*Description of the task*:
The line that contains "根據(jù)陜西省人社廳《關" marks the start. Please set it down, with every later line of the data, exactly and without pictures.

*Data shown*:
:::::

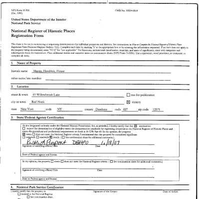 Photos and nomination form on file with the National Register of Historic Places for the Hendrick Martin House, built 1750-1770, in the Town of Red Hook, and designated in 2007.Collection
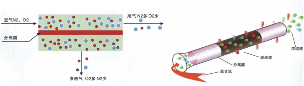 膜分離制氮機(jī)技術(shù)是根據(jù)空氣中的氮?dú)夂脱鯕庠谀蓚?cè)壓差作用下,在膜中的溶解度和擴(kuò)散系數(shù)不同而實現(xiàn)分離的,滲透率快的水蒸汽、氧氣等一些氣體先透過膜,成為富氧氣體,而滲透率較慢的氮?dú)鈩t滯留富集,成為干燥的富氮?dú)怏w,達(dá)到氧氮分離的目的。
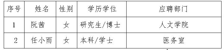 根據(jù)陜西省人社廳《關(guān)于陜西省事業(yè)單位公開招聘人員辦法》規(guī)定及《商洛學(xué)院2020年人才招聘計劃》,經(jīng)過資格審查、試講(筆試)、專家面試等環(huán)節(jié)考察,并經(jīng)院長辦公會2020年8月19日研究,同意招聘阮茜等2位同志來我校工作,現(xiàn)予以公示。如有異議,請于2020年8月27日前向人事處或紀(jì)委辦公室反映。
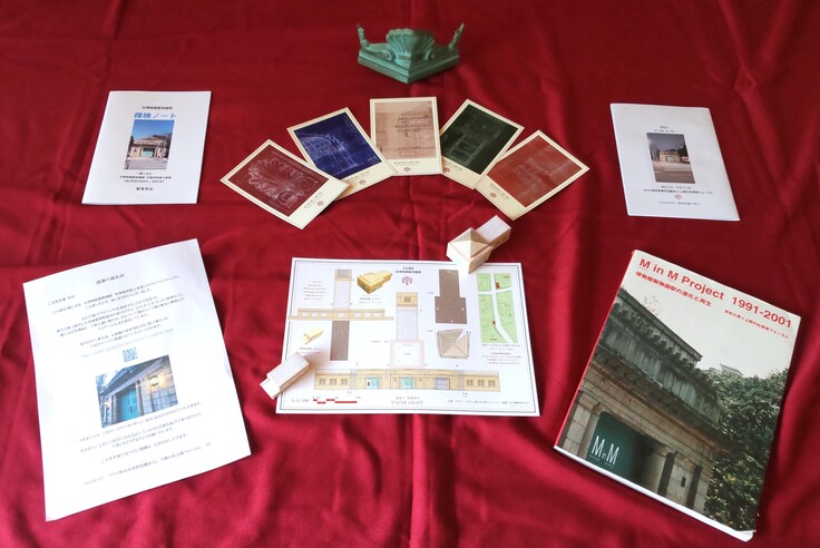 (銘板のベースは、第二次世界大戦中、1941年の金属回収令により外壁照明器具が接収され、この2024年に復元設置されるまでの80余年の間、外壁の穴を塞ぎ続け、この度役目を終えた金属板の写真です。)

:::::

*Answer to this task*:
 根據(jù)陜西省人社廳《關(guān)于陜西省事業(yè)單位公開招聘人員辦法》規(guī)定及《商洛學(xué)院2020年人才招聘計劃》,經(jīng)過資格審查、試講(筆試)、專家面試等環(huán)節(jié)考察,并經(jīng)院長辦公會2020年8月19日研究,同意招聘阮茜等2位同志來我校工作,現(xiàn)予以公示。如有異議,請于2020年8月27日前向人事處或紀(jì)委辦公室反映。
 (銘板のベースは、第二次世界大戦中、1941年の金属回収令により外壁照明器具が接収され、この2024年に復元設置されるまでの80余年の間、外壁の穴を塞ぎ続け、この度役目を終えた金属板の写真です。)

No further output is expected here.